Marielle Andersson: SIR epidemic on a configuration model network
Time: Wed 2013-06-05 10.00
Location: Room 306, building 6, Kräftriket, Department of mathematics, Stockholm university
Supervisor: Pieter Trapman
In this thesis we study Susceptible-Infectious-Removed epidemics on configuration model networks. Networks are used in different kinds of studies, such as the study of the internet, social networks and biological networks, as a simplified model of the real world. We look at a closed population without births, deaths and migration. On that population we look at an SIR epidemic, which divides the population into three different states: susceptible, infectious and removed. Those who are susceptible can be infected if they are in contact with an infectious individual. Those who are infected make contacts at a fixed rate, then they recover and becomes immune or die from the disease. How a disease spreads through the population depends strongly on the connections that occur between infectious and susceptible individuals.

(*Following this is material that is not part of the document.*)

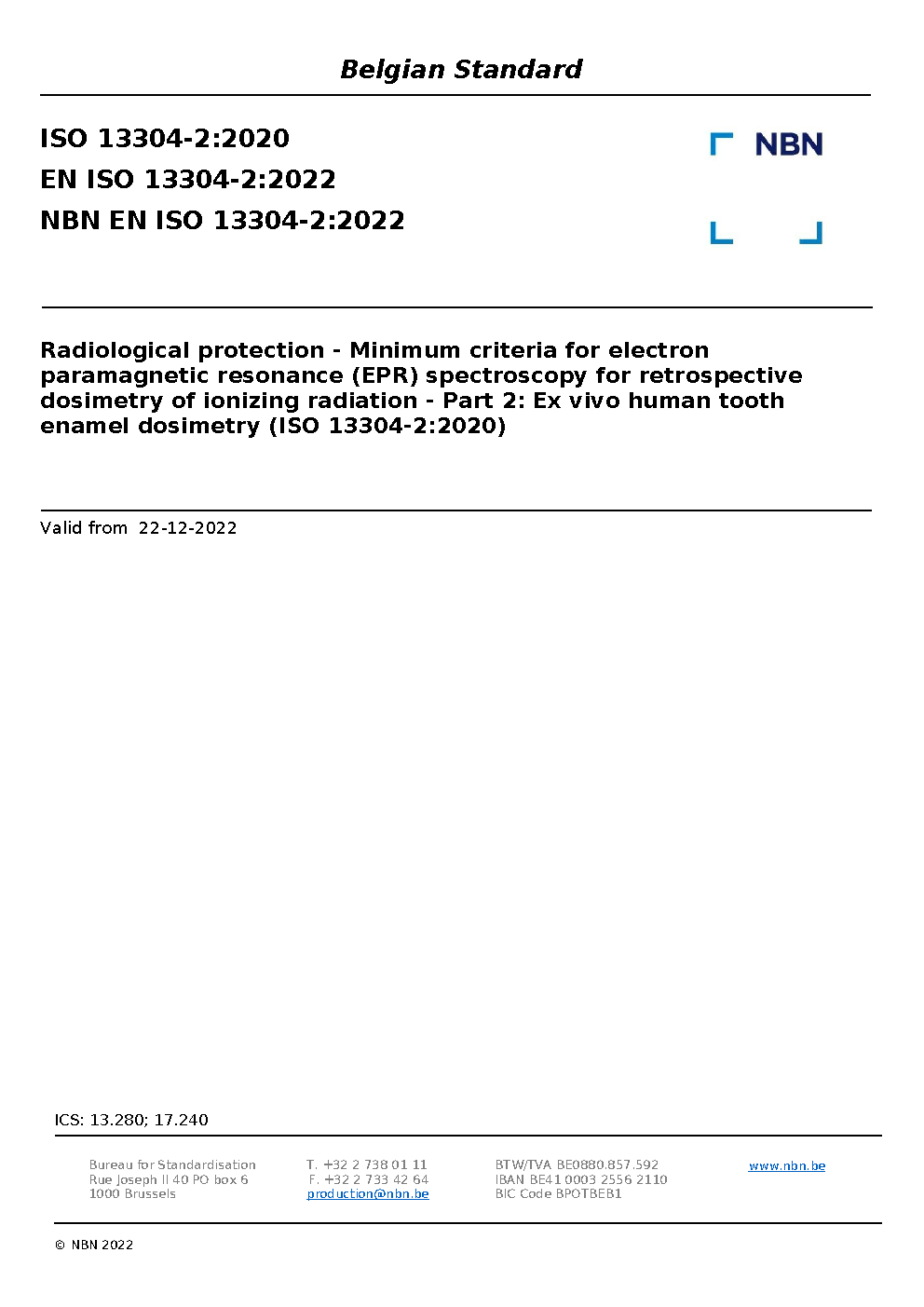 Radiological protection - Minimum criteria for electron paramagnetic resonance (EPR) spectroscopy for retrospective dosimetry of ionizing radiation - Part 2: Ex vivo human tooth enamel dosimetry (ISO 13304-2:2020)

By constucting a configuration model network it is possible to investigate when the epidemic may become large and when it will stay small with probability one and how the distribution of the infectious period affects the outbreak. We use generating functions and percolation theory to answer these questions. The early stages of an epidemic outbreak can be approximated by a branching process, we see that this approximation is possible until approximately the sqrt(n)th infection in a population that consist of n individuals. We also show that an epidemic outbreak is possible when the expected number of transmission causing contacts an infectious individual has is above one.